Let us discuss the concepts of factors, levels and observation through an example.

A Two-Way ANOVA is a design with two factors.

Let us suppose that the Human Resources Department of a company desires to know if occupational stress varies according to age and gender.

The variable of interest is therefore **occupational stress** as measured by a scale.

There are two **factors **being studied - age and gender.

Further suppose that the employees have been classified into three groups or **levels**:

- age less than 40,
- 40 to 55
- above 55

In addition employees have been labeled into gender classification **(levels)**:

- male
- female

In this design, factor age has three levels and gender two. In all, there are 3 x 2 = 6 groups or cells. With this layout, we obtain scores on occupational stress from employee(s) belonging to the six cells.

There are two versions of the Two-Way ANOVA.

The basic version has one observation in each cell - one occupational stress score from one employee in each of the six cells.

The second version has more than one observation per cell but the number of observations in each cell must be equal. The advantage of the second version is it also helps us to test if there is any interaction between the two factors.

For instance, in the example above, we may be interested to know if there is any interaction between age and gender.

This helps us to know if age and gender are independent of each other - they are independent if the effect of age on stress remains the same irrespective of whether we take gender into consideration.

In the basic version there are two null hypotheses to be tested.

- H
_{01}: All the age groups have equal stress on the average - H
_{02}: Both the gender groups have equal stress on the average.

In the second version, a third hypothesis is also tested:

- H
_{03}: The two factors are independent or that interaction effect is not present.

The computational aspect involves computing F-statistic for each hypothesis.

The assumptions in both versions remain the same - normality, independence and equality of variance.

- An important advantage of this design is it is more efficient than its one-way counterpart. There are two assignable sources of variation - age and gender in our example - and this helps to reduce error variation thereby making this design more efficient.
- Unlike One-Way ANOVA, it enables us to test the effect of two factors at the same time.
- One can also test for independence of the factors provided there are more than one observation in each cell.

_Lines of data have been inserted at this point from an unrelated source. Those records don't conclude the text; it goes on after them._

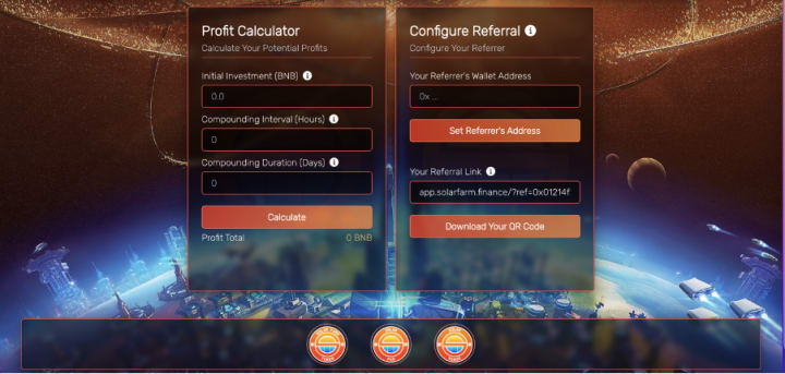 Connect; Visit the website: app.solarfarm.finance/?ref=0x01214f2487dDd5f1532D82C2E7497B395e69c388
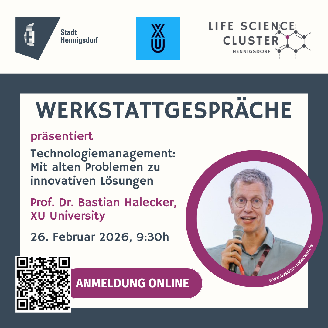 Quartalsmäßig lädt das Life Science Cluster Management die regionalen Cluster-Unternehmen (inklusive ihrer Zulieferer und Dienstleister) zu einem Unternehmer-Frühstück mit Fachvortrag ins KreativWerkR6 ein. Am 26.2.2026 freuen wir uns, Prof. Dr. Bastian Halecker bei uns begrüßen zu dürfen! Die zentrale Frage in all seinem Tun: Wie bringen wir echte Innovation in Bewegung – so, dass sie […]
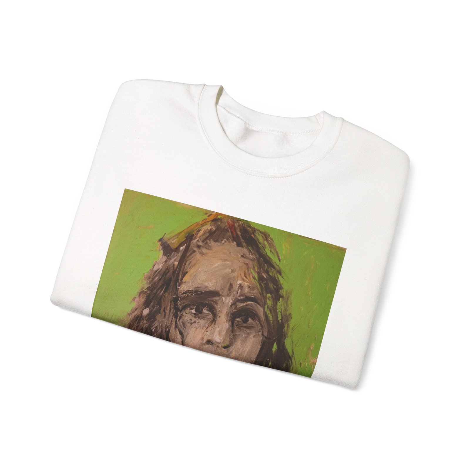 This cozy crewneck sweatshirt blends wearable comfort with raw, expressive art. A painterly portrait—soft-edged and emotionally charged—sits on the front, its muted earth tones warmed by a soft green background. Subtle, handwritten script appears on the back neckline and along the sleeves, adding a personal, studio-made touch. The relaxed silhouette and clean crew neckline make it an easy layer for slow mornings, gallery visits, or evenings curled up with a sketchbook. It feels like wearing a quiet conversation with an artist: thoughtful, a little melancholic, and wholly human.
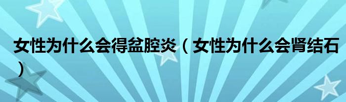 大家好,linda来为大家解答以上的问题。女性为什么会得盆腔炎,女性为什么会肾结石很多人还不知道,现在让我们一起来看看吧!
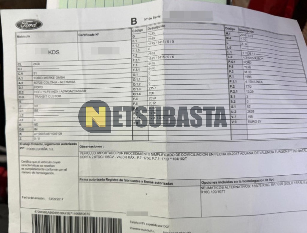 Subasta de Ford Transit Custom 2.0 EcoBlue 2017 Siniestrados, Marca Ford, Modelo Transit Custom 2.0 EcoBlue, Combustible Diésel, Kilometraje 228.000 KM, Fecha 1ª matriculación 10/2017, Matrícula ****KDS, Color Exterior , Color Interior , IVA REBU y Ubicación La Coruña.
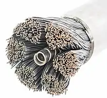 Mechanically, Nb3Sn is extremely brittle and thus cannot be easily drawn into a wire, which is necessary for winding superconducting magnets. To overcome this, wire manufacturers typically draw down composite wires containing ductile precursors. The "internal tin" process includes separate alloys of Nb, Cu and Sn. The "bronze" process contains Nb in a copper–tin bronze matrix. With both processes the strand is typically drawn to final size and coiled into a solenoid or cable before heat treatment. It is only during heat treatment that the Sn reacts with the Nb to form the brittle, superconducting niobium–tin compound.[10] The powder-in-tube process is also used.[2][11]
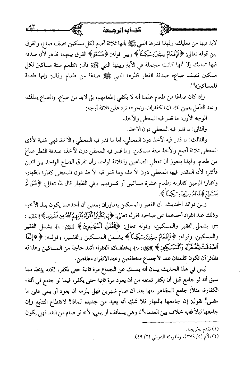 والثالث: ما قدر فيه الآخذ دون المعطي، أما ما قدر فيه المعطي والآخذ فهي فدية الأذى المعطي ثلاثة آصع والآخذ ستة مساكين، وما قدر فيه المعطى دون الآخذ، صدقة الفطر صاع من طعام، ولهذا يجوز أن تعطي الصاعين والثلاثة لواحد وأن تفر الصاع الواحد بين اثنين فأكثر؛ لأن المقدر فيها المعطي دون الآخذ، وما قدر فيه الآخذ دون المعطي كفارة الظهار، وكفارة اليمين كفارته إطعام عشرة مساكين أو كسوتهم، وفي الظهار قال الله تعالى: {فمن لَّم يستطع فإطعام ستين مسكينًا}.
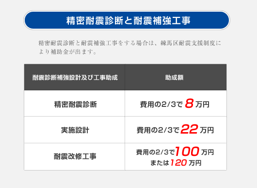 助成金は建築物の種類により異なりますが、耐震診断で100〜200万円。改修工事で1000万円〜6000万円の助成金が支給されます。(それぞれ助成率が決まっています。)面積に関する制限など他の条件がございます。詳細はお問合せください。

The only restriction is that the number of observations in each cell has to be equal (there is no such restriction in case of one-way ANOVA).

An Two-Way ANOVA satisfies all three principles of design of experiments namely replication, randomization and local control.

Principles of replication and randomization need to be satisfied in a manner similar to One-Way ANOVA.

The principle of local control means to make the observations as homogeneous as possible so that error due to one or more assignable causes may be removed from the experimental error.

In our example if we divided the employees only according to their age, then we would have ignored the effect of gender on stress which would then accumulate with the experimental error.

But we divided them not only according to age but also according to gender which would help in reducing the error - this is application of the principle of local control for reducing error variation and making the design more efficient.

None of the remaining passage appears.